Una classificazione delle comunità è quella fatta su base geografica. “Dispersed” e “Place Based” sono le definizioni date in un articolo scientifico, “The Effects of Dispersed Virtual Communities on Face-to-Face Social Capital” (2), che studia le dinamiche di accumulo del Capitale Sociale nelle comunità virtuali quando i suoi membri hanno anche la possibilità di frequentarsi offline, in modalità Face-to-Face (FtF). Nello studio si osserva che nelle Dispersed Virtual Community il capitale sociale si accumula perché i suoi membri discutono delle regole (“norms”, quelle che poi applicano nei rapporti FtF) e, aiutandosi, costruiscono un rapporto fiduciario (“trust”) (3). Gli studiosi, nelle conclusioni, raccomandano di dinamicizzare questo circolo virtuoso anche nelle comunità Place Based:
“Virtual community that are explicitly place based (e.g., neighborhood associations) should pay close attention to providing opportunities for people to exchange support and assistance so that they can develop the attachment and loyalty seen in this [dispersed] virtual community in their members.”
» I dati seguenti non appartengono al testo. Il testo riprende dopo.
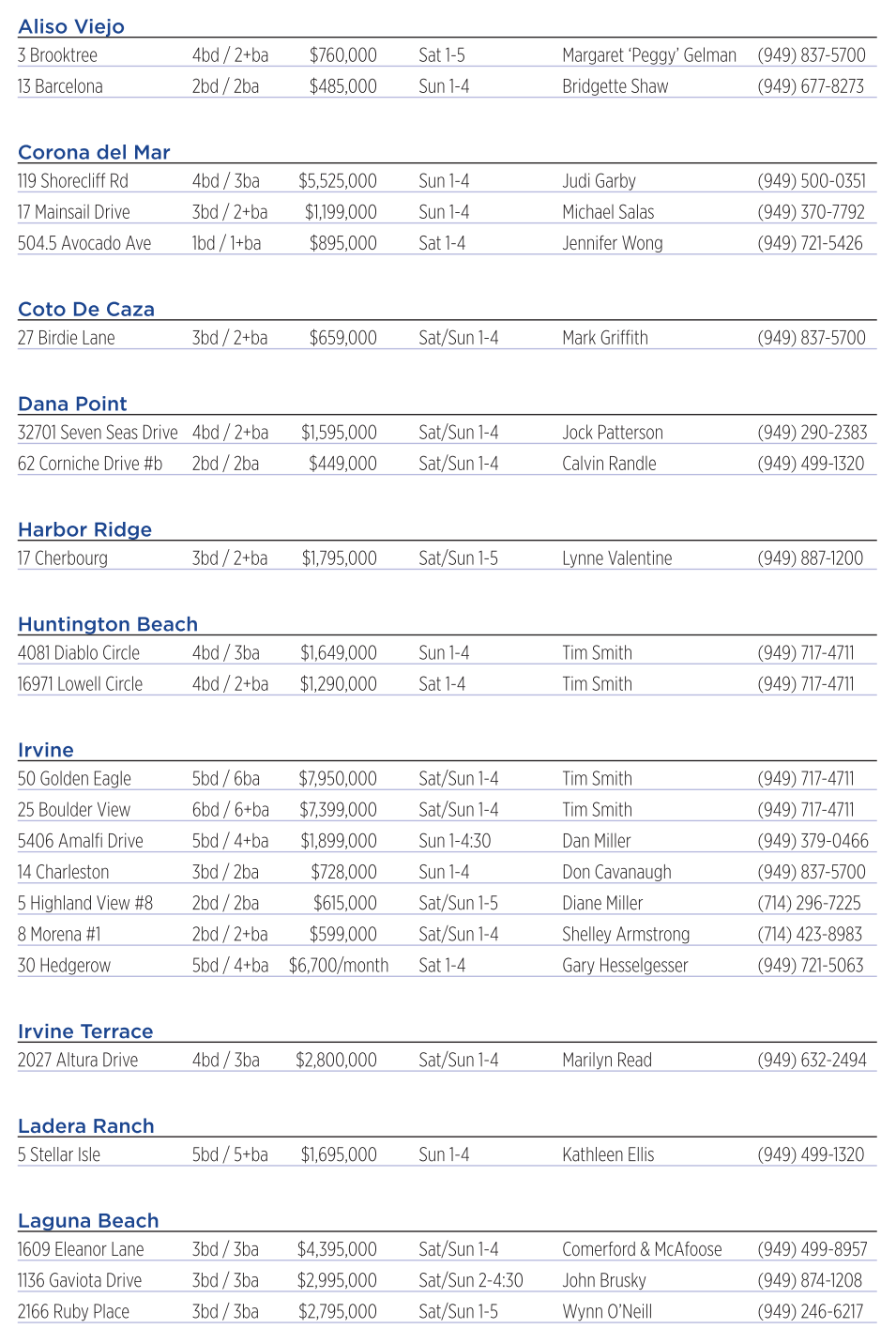 Laguna Beach 1609 Eleanor Lane 3bd /3ba $4,395,000 Sat/Sun 1-4 Comerford&McAfoose (949) 499-8957 1136 Gaviota Drive 3bd /3ba $2,995,000 Sat/Sun 2-4:30 John Brusky (949) 874-1208 2166 RubyPlace 3bd /3ba $2,795,000 Sat/Sun 1-5 Wynn O’Neill (949) 246-6217

Torniamo quindi al ruolo sociale del giornalismo e concentriamoci sulle comunità Place-Based, e quindi, al ruolo sociale delle testate locali anche in relazione alla tecnologia scelta (online o carta): come può agire una testata giornalistica locale perché si accumuli capitale sociale?
Faccio delle ipotesi:
(1) I membri della comunità, discutendo nella Piazza o al Bar delle notizie, hanno già stabilito un rapporto fiduciario e regole di comportamento comuni (per esempio le stesse regole da usare nella conversazione). La testata giornalistica, quindi, già svolge egregiamente il suo lavoro senza necessità della versione online.
(2) I membri della comunità non si incontrano offline, non esiste la conversazione in Piazza o al Bar. La testata giornalistica può in tal caso svolgere il suo ruolo sociale solo in un modo: costituendosi online. Tuttavia, proprio per le raccomandazioni riportate nell’articolo, il ruolo del giornale non può esaurirsi online: deve anche creare occasioni di incontro offline.
Ovviamente le tante realtà si pongono tra queste due estremità e le scelte vanno fatte su base sociale stando molto attenti agli effetti che si possono generare: costruire piattaforme virtuali (cioè agire soltanto online) è una pratica secondo me da evitare ogni volta che esiste il rischio di disgregare (liquefare, per dirla alla Bauman) una comunità. Continuo a ritenere che la Rete abbia allontanato la deriva liquida permettendo una riconnessione a chi si stava separando del tutto, sia chiaro. Oltretutto la tecnologia offre sicuramente il modo di catalogare, di organizzare dati e informazioni, non c’è bisogno di dirlo.
Ma, quando la specificità territoriale lo permette, penso ci si debba sforzare a far camminare le connessioni sociali sull’asfalto, piuttosto che sul cavo. E questo è vero quanto più piccola è la comunità. Man mano che le comunità si fanno più grandi, poi, seguendo le raccomandazioni presenti nell’articolo citato, il ruolo sociale della testata si compie tanto più quanto maggiori sono le occasioni create di connettersi anche nelle (piccole) Piazze: riuscite ad immaginare l’arricchimento che si ricaverebbe se iniziative stile “Repubblica delle Idee” avessero luogo nelle Piazze dei piccoli centri italiani (dando parola a chi vive il territorio)?
(1)E’ poi l’equivalente monetario del Capitale Sociale che misura la qualità dell’articolo: due centesimi di euro per articolo è il risultato del mio calcolo secondo un procedimento ampiamente documentato nel libro
(2)Capitolo 3 del libro Social Capital and Information Technology
(3)Una scuola di pensiero sostiene che il capitale sociale si crei e si accumuli quando tra i membri della comunità c’è condivisione di norme di comportamento e fiducia.